In some instances, a constraint optimizer 760 can output a plurality of sets of modified instructions associated with a plurality of different runtime constraint 749 values. In some instances, generating a plurality of sets of modified instructions for a plurality of runtime constraint 749 values can include separately performing, for each of the plurality of runtime constraint 749 values, an optimization process. In other instances, generating a plurality of sets of modified instructions can include, for example, measuring one or more properties of a plurality of modified instruction sets; comparing the measurements to a plurality of runtime constraint 749 values; and retaining a preferred set of instructions for each of the plurality of runtime constraint 749 values.
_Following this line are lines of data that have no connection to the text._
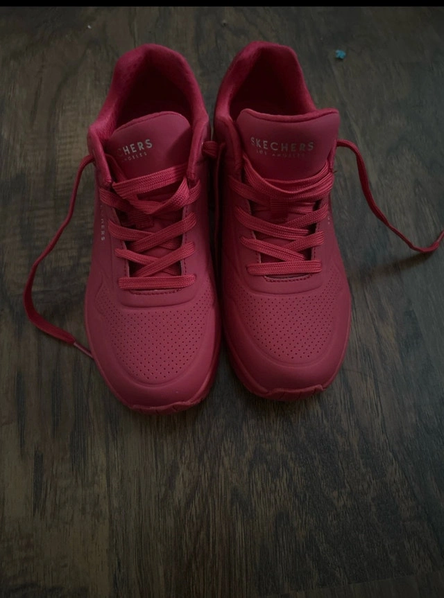 Step out in style with these vibrant red Skechers Uno Stand on Air sneakers, size 6.5! These stylish sneakers feature a bold, monochrome red design that’s sure to turn heads. I'm selling them as they are in good condition, ready for a new adventure. Unisex Looking around Kijiji, similar Skechers sneakers in used condition are typically priced between $30 and $60. I've priced these at $40 due to their good condition but also trying to sell. If the ad is up, they are still available!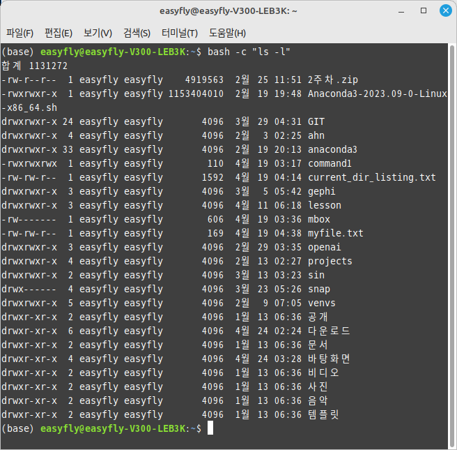 이 명령은 새로운 Bash 세션을 시작하고 ls -l 명령을 실행하여 현재 디렉터리의 파일들을 자세히 리스트 합니다.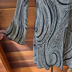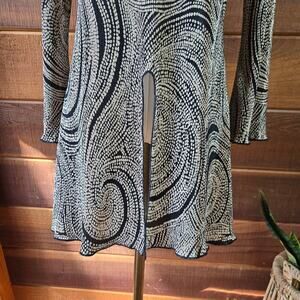 Connected Apparel Women's Long-Sleeve Tunic Top Swirl Print 12 Black & Beige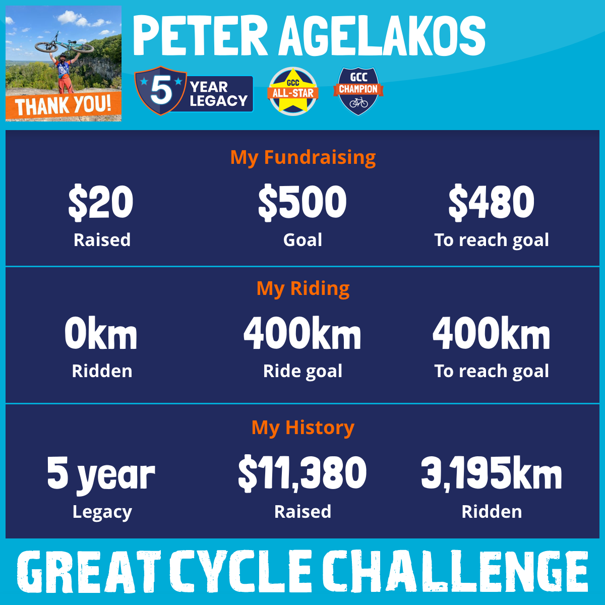 I am riding 400 km for Peter. Please sponsor me and support my challenge to fight kids' cancer and save little lives.

In some instances, a constraint optimizer 760 can modify a set of instructions according to a greedy method. For example, a constraint optimizer 760 can identify a measured runtime property that has the largest deviation with a corresponding runtime constraint 749, and can perform any modifications to a current set of instructions and/or configuration options that are designed to adjust that particular runtime property. After each modification, the existing constraints for a currently modified set of scheduled instructions can be measured, and a new largest-deviation runtime constraint 749 can be identified, and so on.

In some instances, a constraint optimizer 760 can modify a set of instructions according to one or more non-greedy methods, such as using a SMT (satisfiability modulo theory) instance solver, a SAT instance solver, or integer linear processing. In the case of the SAT instance solver, the constraint optimizer 760 may require that some constraints of the execution of an initial set of instructions to be fixed to the value of the corresponding runtime constraint 749, and then have the SAT instance solver modify the instructions in order to attempt to find a solution of modified instructions that meets the fixed constraints.

The modifications in both cases above may involve modifying an ordering, timing, distribution (e.g., allocation to individual processor devices 401 or functional units 402, etc.) of operations. The modifications may also include changing the configuration settings of the processor (which may have various modes), such as configuration settings limiting the number of functional units in use, the amount of memory in use, memory timings, clock speed, power savings mode, etc.

In some instances, a constraint optimizer 760 can output a set of modified (e.g., optimized or nearly optimized, etc.) instructions. In some instances, the constraint optimizer 760 can output metadata indicative of one or more measured or estimated runtime properties of the compiled instructions; one or more runtime constraints 749 used to generate the compiled program; or the like.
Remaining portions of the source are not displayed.